The whitepaper outlines three options for assertions about the effectiveness of internal controls:

  1. An explicit directors’ statement about the effectiveness of the internal control and risk management systems
  2. A requirement for auditors to report more about their views on the effectiveness of the systems
  3. A requirement for auditors to express a formal opinion on the directors’ assessment of the effectiveness of the internal control systems

The following key proposals in the white paper will help guide in-scope firms and other stakeholders on potential areas of focus to prepare for a UK SOX regime:

  • A new regulator  The proposals include a “remodeling the regulator” approach to establish the Financial Reporting Council’s successor body, the Audit, Reporting and Governance Authority (ARGA). ARGA will have greater authority to review audit firms’ work and issue disciplinary action when needed.
  • Accountability for Directors — The white paper proposes that corporate directors should take responsibility for internal controls over financial reporting, dividend and capital maintenance decisions, and company resilience planning. This responsibility will likely include an attestation in the quarterly and annual reporting regarding the operational effectiveness of the internal control environment.
  • Increased audit competition  The consultation includes a proposal that would require a meaningful portion of the audit of Financial Times Stock Exchange 350 companies to be performed by non-Big Four firms, initially through a “managed shared audit regime.”
  • Shareholder engagement — The paper includes proposals to increase shareholder interactions related to the audit process, including a proposal for publication of an audit and assurance policy, setting out the audit approach, on which there would be an advisory shareholder vote. Another interesting recommendation from the BEIS is to provide shareholders a formal opportunity to comment on the company’s audit plan and the areas of emphasis to be considered.
  • Creation of a new corporate auditing profession — The white paper contains a proposal for a new type of auditor, one who operates independently of the professional accountancy bodies with a reach across all forms of corporate reporting, not just the financial statements.
  • Public Interest Entities — The proposals are expected to extend the definition of “public interest entities,” imposing extra governance requirements on more companies.

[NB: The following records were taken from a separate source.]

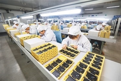 山東省榮成市港西鎮(zhèn)一家外資電子制造企業(yè)的工人們?cè)陔娮又悄茉O(shè)備生產(chǎn)線上忙碌著,趕制出口國外的訂單產(chǎn)品。
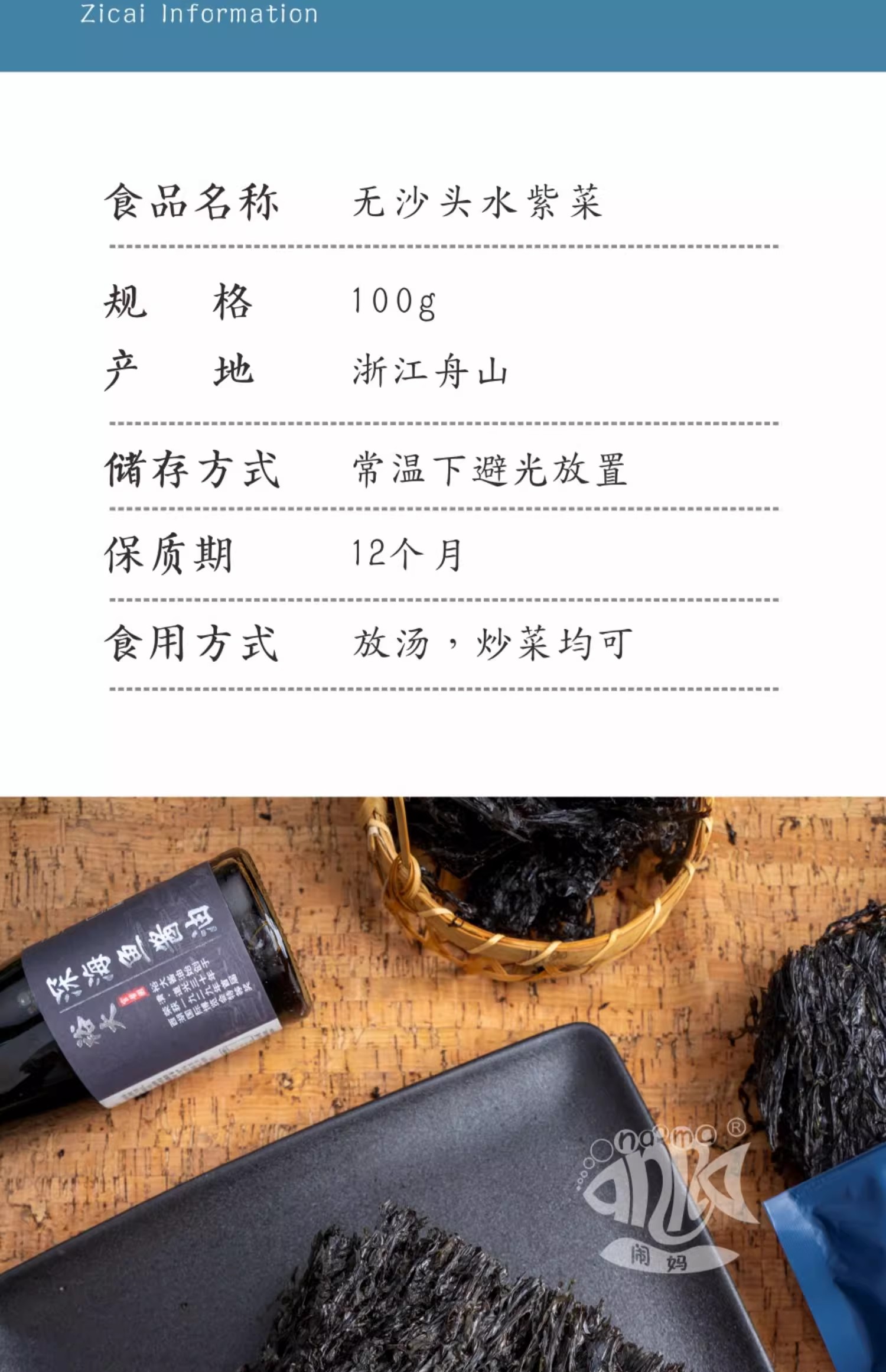 【闹妈】舟山宁波特产无沙头水紫菜干 海鲜干货 免洗紫菜100g一包 3件包邮
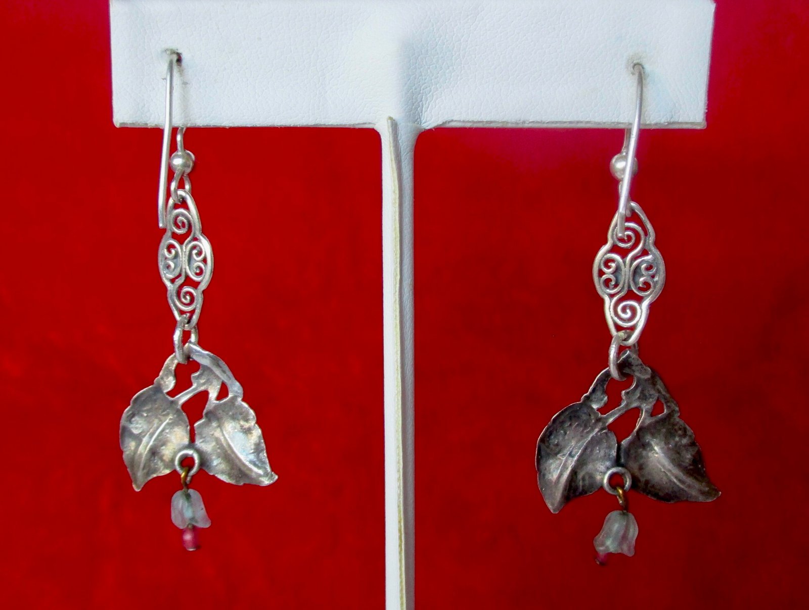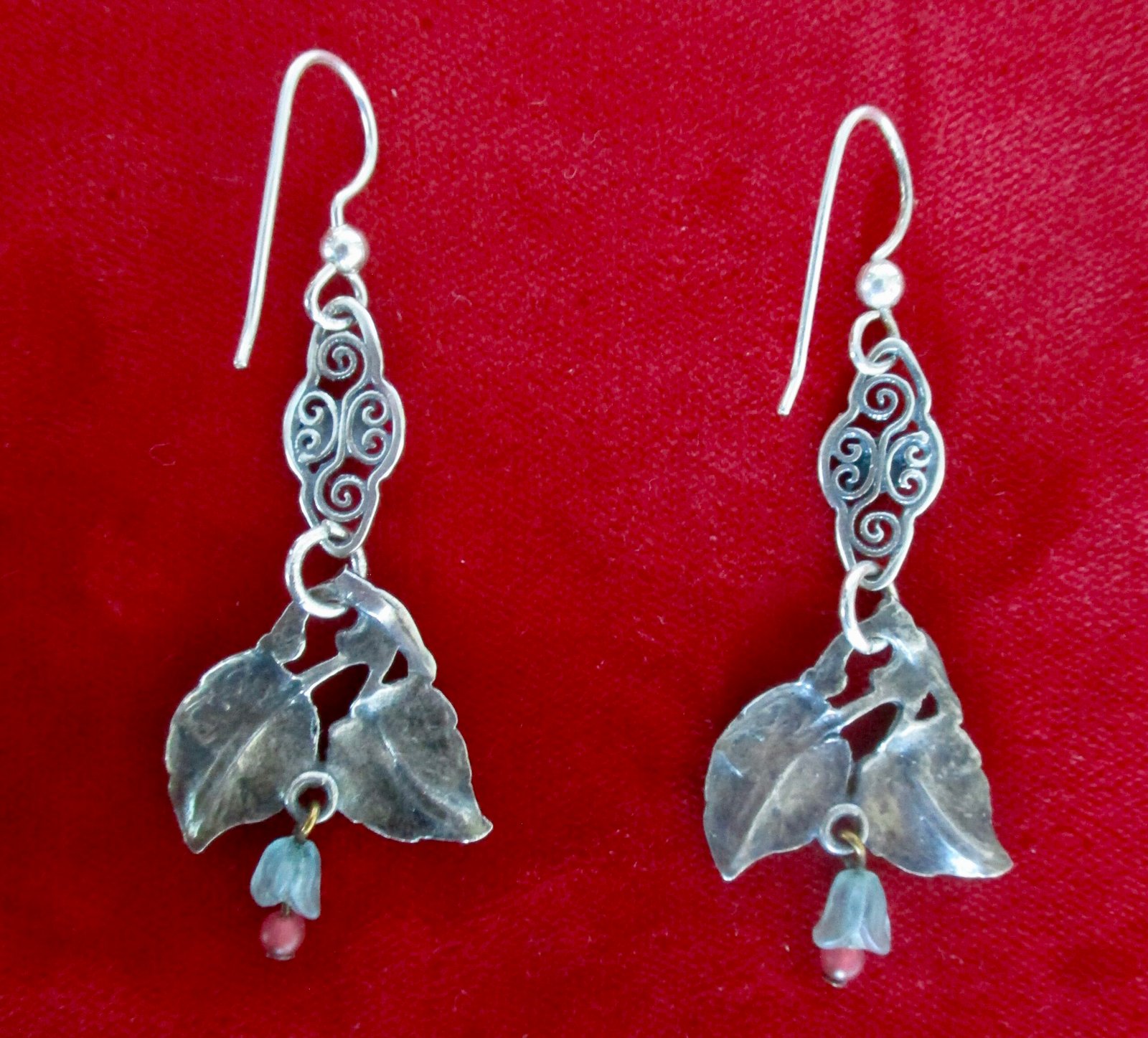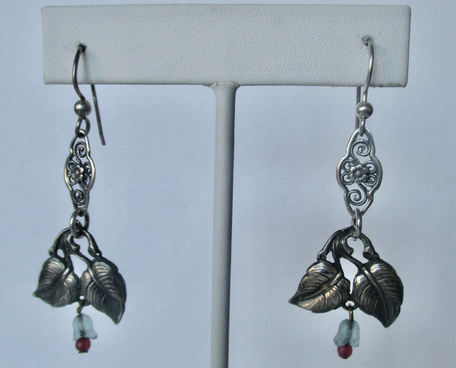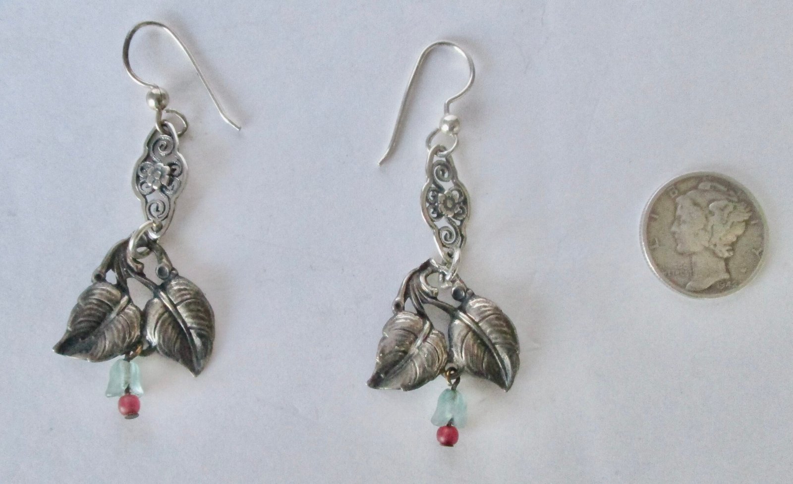 Each earring measures 2 1/4 inches long with ear wire x 3/4 inch wide, at its widest.   Total weight for the pair is a comfortable 5.2 g.     3.3 dwt
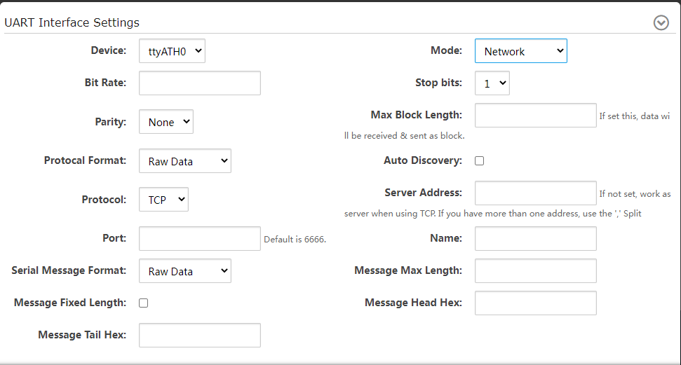 Atención, si utiliza el puerto serie para transmitir datos serie, tienes que elegir ttyS0 (COM1 de hardware) y ttyUSB0 (COM2 de hardware), ttyATH0 no es válido, modo: red

What Does this Mean for your Internal Control Environment?

In assessing readiness to implement the proposals from the white paper and potential business implications, in-scope firms should consider the following key areas of focus:

  • Internal Controls — Assess the effectiveness, efficiency, and coverage of your internal control environment (including a review of technology controls underlying the systems that process and report financial data).
  • Monitoring — Determine the optimum assurance mechanisms for testing and evidencing the design and operating effectiveness of internal controls. In this regard, consider the role of your Internal Audit function and how effective and empowered it is at challenging control gaps and financial reporting.
  • Culture — Ensure a clear link exists between your strategy, your enterprise risk management program, and the tone of the corporate culture you establish, and that it influences day-to-day decision-making and accountability at the right levels. This includes educating the C-suite and board on key internal control issues.
  • Data — Determine what information is reported by the company and what controls exist to develop that information. Risk and control data is crucial to enable clear insights into any control weaknesses. This data therefore needs to be stored and managed in a way that is transparent and accessible.
  • Supply Chain — Evaluate your audit tender procedures, governance, and documentation to ensure that non-Big Four firms are given a fair chance.

 

Where to from here?

The reforms should achieve the delicate balance of appropriate accountability and responsibilities of directors, auditors, and regulators to restore trust in the system, whilst avoiding a regime that adds more rigor, but little value. A UK SOX regime can become a catalyst to mature your existing risk and compliance culture, ultimately working in tandem to create and protect value in your organisation.

Clearly defining your goals, aligning them to your purpose and strategy, and tracking progress over time, is essential for sustainable value creation. Guidehouse can help you to assess and improve your internal control environment, evaluate the effectiveness of your risk controls, benchmark governance practices, and educate leadership on new developments and requirements as they emerge.


1 Sir John Kingman’s Independent review of the Financial Reporting Council; the Competition and Market Authority’s statutory audit market study; and Sir Donald Brydon’s independent review of the quality and effectiveness of audit.